Food Acquisition and the Evolution of Positional Behaviour: The Case of Bipedalism

Links between positional behaviour and food acquisition are undeniably important. As Napier (1970) puts it, an animal must move to feed and feed to move. With some interesting exceptions, however, positional behaviour is determined by the distribution rather than by the nature of food items. As it relates to food acquisition, an arboreal species’ locomotor behaviour is determined by the large scale distribution of food items within trees, and postural behaviour is determined by the local distribution of food, usually within the peripheral parts of a tree crown. While the terrestrial environment is in many ways less complex, the clumping of food items on or close to the ground similarly influences positional behaviour.
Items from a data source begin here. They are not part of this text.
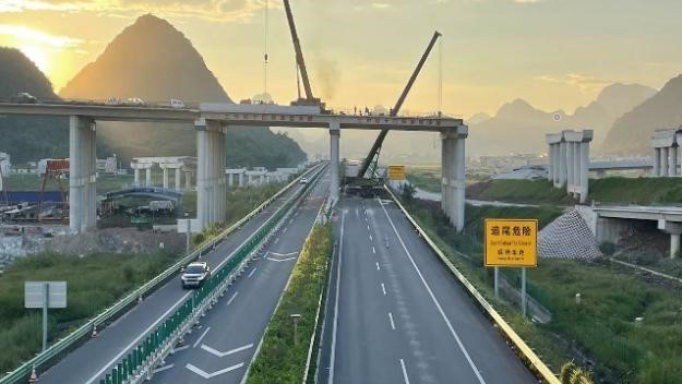 項目快訊|貴港西外環姚山樞紐互通上跨貴隆高速預制箱梁架設任務圓滿完成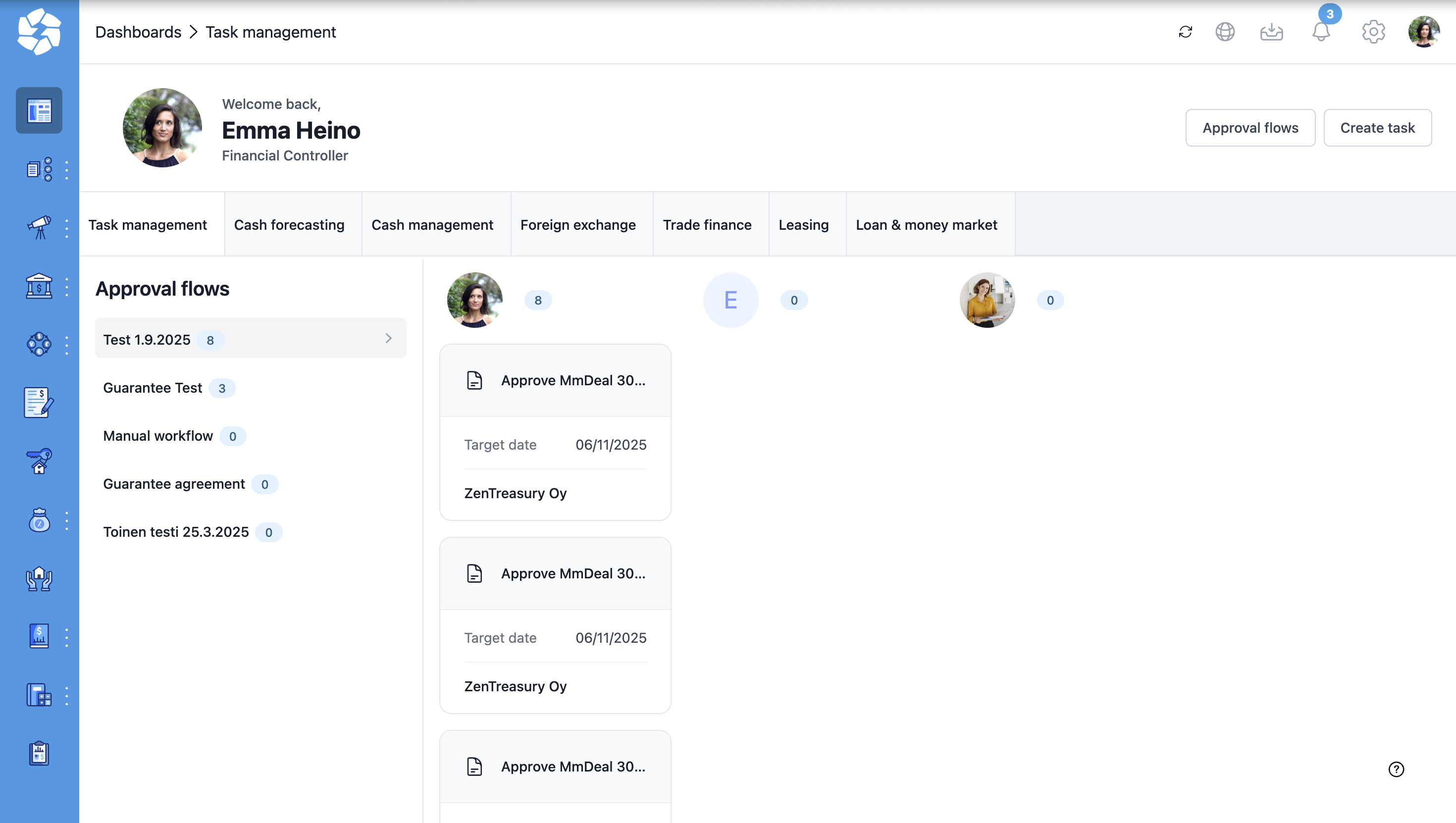 In Approval Flows you dashboard you can see all pending tasks regarding the defined approval flows of the company and the status of the tasks in question.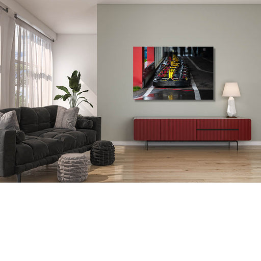 Ophira EschinasiDeze karts staan klaar langs de kant voor een volgende race.
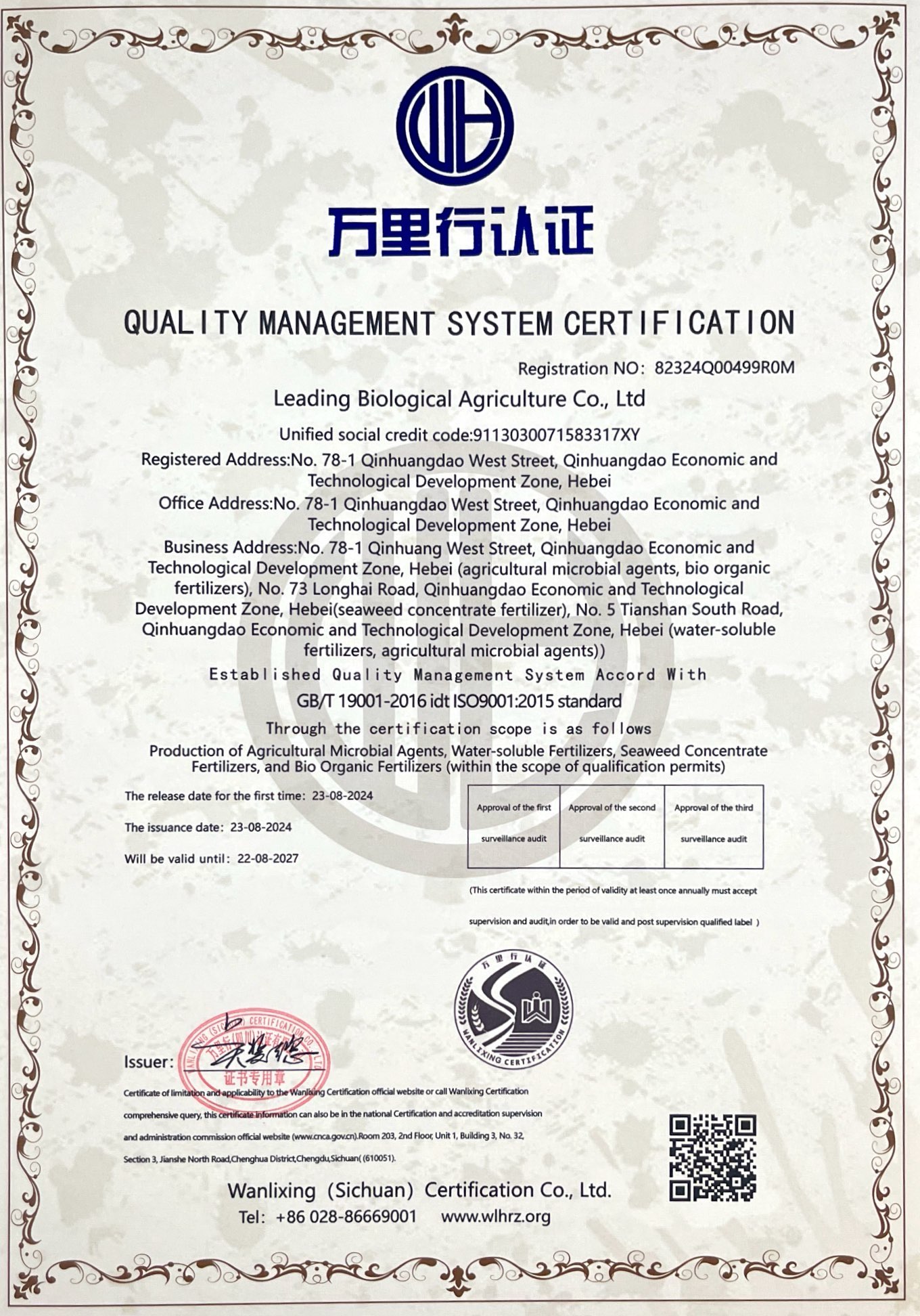 質量管理體系認證證書

It is thus the structures that intervene between an animal and its food that are important for positional behaviour. An animal of a given size and morphology will use a particular positional repertoire and style of performance of particular activities to select a set of these intervening structures as a substrate or superstrate during foraging and feeding. Changes in diet and in ways of acquiring food are therefore likely to have been important in the evolution of different types of positional morphology and behaviour to the extent that different sets of intervening structures were encountered. One cannot therefore expect positional morphology to track changing dietary patterns as closely as dental morphology may. As Ripley (1979) has shown, however, it is possible to explore the evolutionary links between positional behaviour and food acquisition. This paper explores some of these points with respect to the evolution of bipedalism.